The retreat of Chinese developers from Australian real estate could make it even tougher for first-home buyers trying to break into the pricey Sydney and Melbourne property markets, according to Nerida Conisbee, chief economist at REA Group. 

Conisbee said there would be less residential development because the Chinese government recently announced it would restrict Chinese investment into overseas property development, issuing a new list of “banned investments,” including casinos and defence technology, while overseas property development and hotels were classified as “restricted”.

Chinese developers and investors purchased $2.4bn worth of Australian residential development sites last year, which made up 38% of all the residential property development sold in Australia in 2016, according to a report from Knight Frank

The impact of these new rules is already being felt in Australia. “Both [Sydney and Melbourne] are really starting to see a slowdown in prices … and I think with less supply in the market, it will mean prices will not stabilise as much as people are hoping,” Conisbee said. “If the level of supply kept up, I do think a slowdown would have led to a possible reduction in prices — but this will continue to support price growth in Melbourne and Sydney.”

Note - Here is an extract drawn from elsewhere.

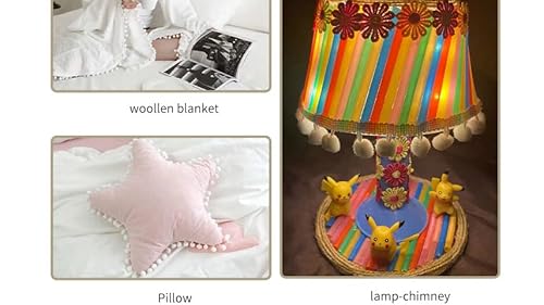 Ampio utilizzo: puoi anche attaccare il nastro con pompon ai tuoi progetti di bricolage. Prova ad applicare il rivestimento del pom-pom-pom-pom a paralumi, tende, accessori per vestiti per animali domestici, decorazioni per la casa, scrapbooking, finestre e molto altro ancora.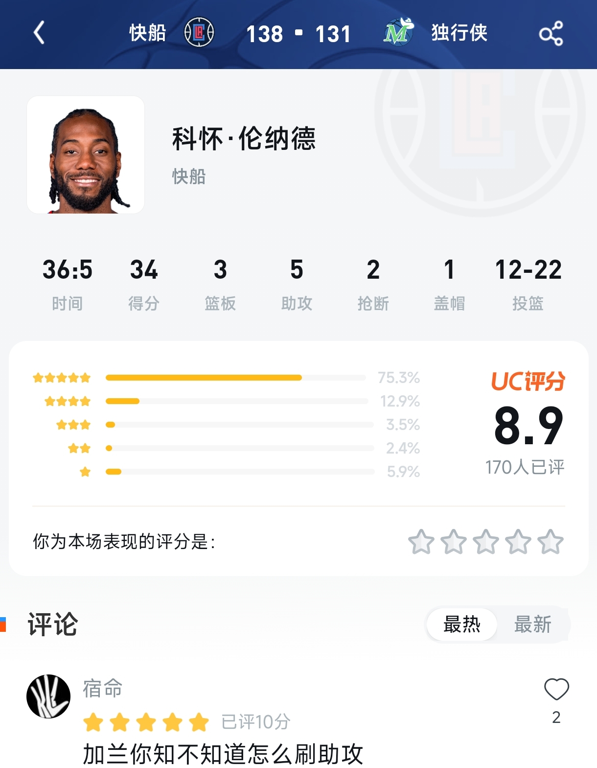 一场加时鏖战,快船终于止住四连败的颓势。138-131,这个比分背后是伦纳德又一次的“常规操作”,也是评分区里那些让人忍俊不禁的神评论。 北京时间3月22日,NBA常规赛上演了一场西部卡位战,洛杉矶快船客场历经加时以138-131击败达拉斯独行侠。这场比赛打得跌宕起伏——快船首节一度落后10分,末节又被独行侠逼入绝境,直到加时赛才一波流带走胜利。 而赛后,伦纳德的UC评分区里,8.9分的高分背后,藏着球迷们复杂的心情。 ① 原始评分截图(文字转录) 快船 138 - 131 独行侠 科怀·伦纳德 | 快船 时间:36:05 得分:34 篮板:3 助攻:5 抢断:2 盖帽:1 投篮:12-22 UC评分:8.9分(170人已评) 评分分布: ⭐⭐⭐⭐⭐:75.3% ⭐⭐⭐⭐:12.9% ⭐⭐⭐:3.5% ⭐⭐:2.4% ⭐:5.9% 你为本场表现的评分是:☆☆☆☆☆(未评分) 评论: 宿命 🟨 ⭐⭐⭐⭐⭐ 已评10分 加兰你知不知道怎么刷助攻 ② 原创解读:8.9分背后的“被迫加班” 乍一看,34分3篮板5助攻,22投12中(命中率54.5%),三分9中5,罚球5中5,外加2抢断1盖帽——这份数据单放在任何一场比赛里都配得上“完美”二字。 但为什么75.3%的五星好评只换来8.9分,而不是9分以上? 答案藏在那个“加时”里。 关键数据一:正负值+23,全场最高 这个数字意味着什么?伦纳德在场时,快船净胜23分;而他下场的12分钟里,快船净负16分。他是全队唯一的“赢分点”,却硬生生被拖进了加时赛。 关键数据二:常规时间最后时刻的绝平球 第四节最后时刻,加兰失误被抢断,华盛顿反击暴扣反超2分——那一刻快船几乎已经站在悬崖边上。是伦纳德用一记冷静的抛投将比赛拖入加时。加时赛里,他再砍7分,彻底杀死悬念。 关键数据三:连续47场得分20+ 这个纪录本身就在说明问题——伦纳德一直在扛着球队往前走。 所以,那条评分区的评论就很有意思了: “加兰你知不知道怎么刷助攻” 这话说的,其实是加兰全场41分11助攻的表现。明明是生涯最佳一战,却被球迷吐槽“不会给伦纳德传球”。 搜索结果显示,这种声音不是个例。有球迷在直播间评论:“第四节小卡要球,加兰无视,结果自己失误了”“小卡:早把那该死的球给我至于打加时吗”。 8.9分的潜台词是:数据满分,但“加班费”得扣。 ③ 评分区以外的声音:评论区里藏着真相 如果把评分区比作“打分现场”,那直播间的评论区就是“心里话现场”。这场比赛结束后,球迷们的真实反应是这样的:

Conisbee said the Sydney market would be more severely affected, as supply and demand were more balanced in the Victorian capital. 

The percentage of Australian development sites sold to Chinese companies has already dropped, from about one-third in 2016 to just 11% on the year-to-date. 

“It could get harder if you’re a first-home buyer and you’re looking to buy an apartment. Fewer apartments being built is not going to make it any cheaper for you, so this won’t help [with] affordability,” Conisbee said.